В это же самое время в вагонах «румын» разразились жестокие семейные ссоры. Многие из тех, кто работал в дипломатическом корпусе, демобилизовался или дезертировал из АРМИРа, за время пребывания в Румынии успели жениться на румынках. В конце войны почти все предпочли вернуться в Италию, и русские выделили им пассажирский поезд, который должен был доставить их в Одессу, где они собирались пересесть на пароход. Но в Жмеринке они попали в наш товарный эшелон и разделили нашу судьбу, причем не известно, с умыслом это было сделано или по недосмотру. Румынские жены сердились на своих итальянских мужей; они были по горло сыты неожиданностями, приключениями, кочевой жизнью. Теперь они приехали на румынскую территорию, к себе на родину, и хотели здесь остаться. Не слушая никаких возражений, они ругались, плакали, пытались силой вытащить из вагонов своих мужей, сбрасывали на землю чемоданы, хозяйственную утварь, а их испуганные дети громко кричали. Прибежали русские солдаты из конвоя, но ничего не поняли и просто смущенно смотрели.
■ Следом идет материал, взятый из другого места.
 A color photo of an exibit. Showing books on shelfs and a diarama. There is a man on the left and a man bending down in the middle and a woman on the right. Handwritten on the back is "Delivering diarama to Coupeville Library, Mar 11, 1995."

Поскольку стоянка в Яссах грозила продлиться целый день, мы отправились бродить по безлюдным улицам, застроенным низкими домами грязного цвета. Один-единственный трамвай, маленький и древний, курсировал по городу из конца в конец, и кондуктором в нем был еврей, говоривший на идише. С некоторым трудом, но мы смогли понять друг друга. Кондуктор рассказал, что через Яссы уже прошло немало эшелонов с возвращающимися домой иностранцами — французами, англичанами, греками, итальянцами, голландцами, американцами. Были среди них и нуждающиеся в помощи евреи, поэтому здешняя еврейская община организовала центр, который такую помощь оказывает. Если у нас найдется часок-другой свободного времени, он бы посоветовал нам съездить в этот центр, там нас поддержат морально и материально. Его трамвай как раз отправляется, и, если мы в него сядем, он подскажет, где выйти, а о билетах мы можем не беспокоиться, о билетах побеспокоится он сам.
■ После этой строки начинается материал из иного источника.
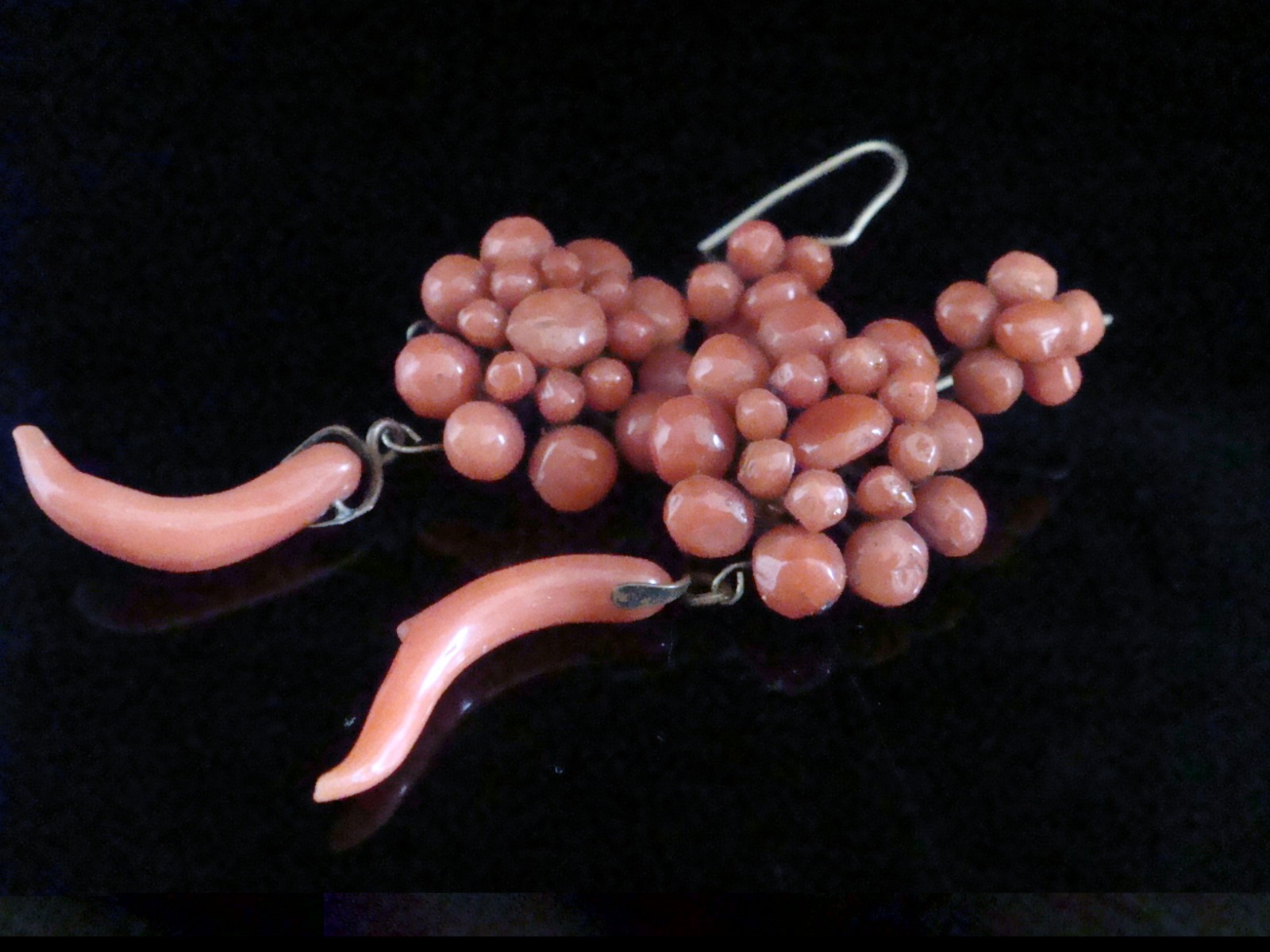 Edwardian Gilt Metal Natural Large Coral Drop Earrings

Мы согласились. Мы — это Леонардо, Синьор Унфердорбен и я. Проехав по пустому городу, мы добрались до полуразрушенного здания, окна и двери которого были забиты досками. В одной из темных и пыльных комнат сидели два пожилых еврея, которых трудно было назвать упитанными и здоровыми; выглядели они не намного лучше, чем мы, тем не менее встретили нас очень приветливо, гостеприимно усадили на три имеющихся стула, торопливо рассказали (на идише и по-французски) об ужасных испытаниях, выпавших на их долю, о том, что не многим удалось выжить. Они плакали и смеялись, а когда мы собрались уходить, заставили нас выпить с ними плохо очищенного спирта и подарили для всех евреев эшелона корзину винограда. Порывшись по ящикам и вывернув собственные карманы, они еще и деньгами нас снабдили. Сумма в леях, на первый взгляд астрономическая, после того как мы поделили ее на всех и сопоставили с ценами, оказалась чисто символической.